◆ Instructions to follow ◆
Restate the listing word for word; omit the images.

◆ Stored data ◆
■ ■ ■ ■
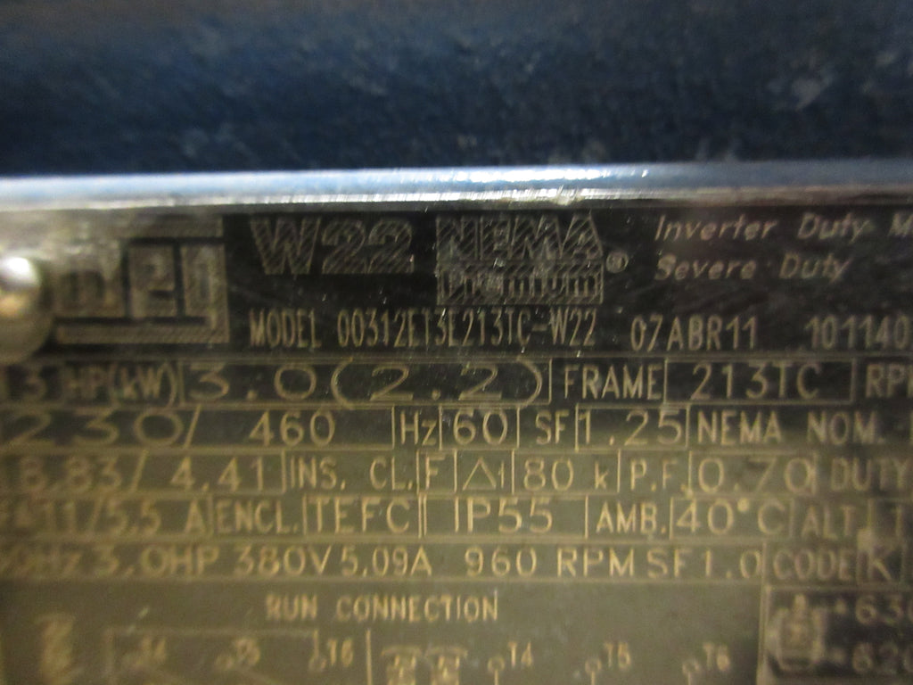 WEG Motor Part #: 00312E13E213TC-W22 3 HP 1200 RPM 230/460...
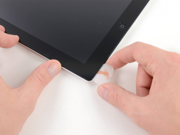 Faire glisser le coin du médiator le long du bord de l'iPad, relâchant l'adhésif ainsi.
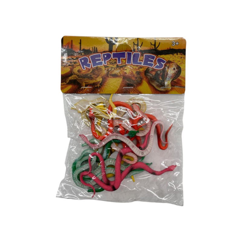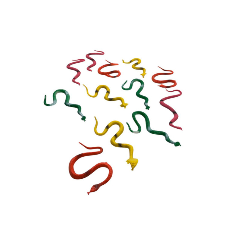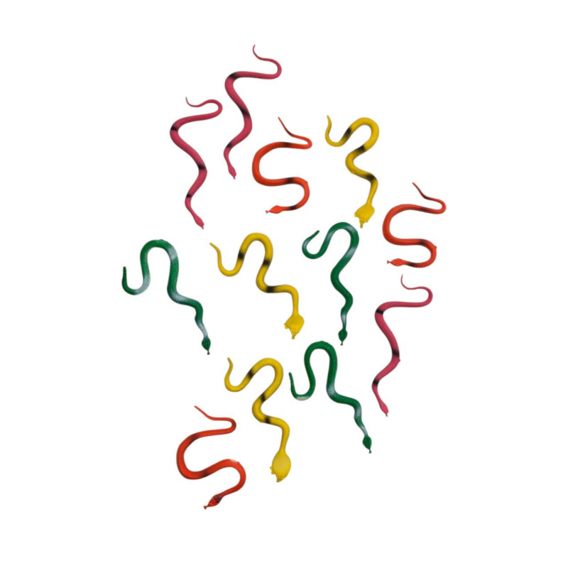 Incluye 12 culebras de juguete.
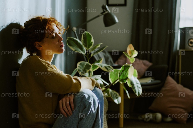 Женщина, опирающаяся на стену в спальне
■ ■ ■ ■
◆ Solution for this exercise ◆
 WEG Motor Part #: 00312E13E213TC-W22 3 HP 1200 RPM 230/460...
 Faire glisser le coin du médiator le long du bord de l'iPad, relâchant l'adhésif ainsi.
 Incluye 12 culebras de juguete.
 Женщина, опирающаяся на стену в спальне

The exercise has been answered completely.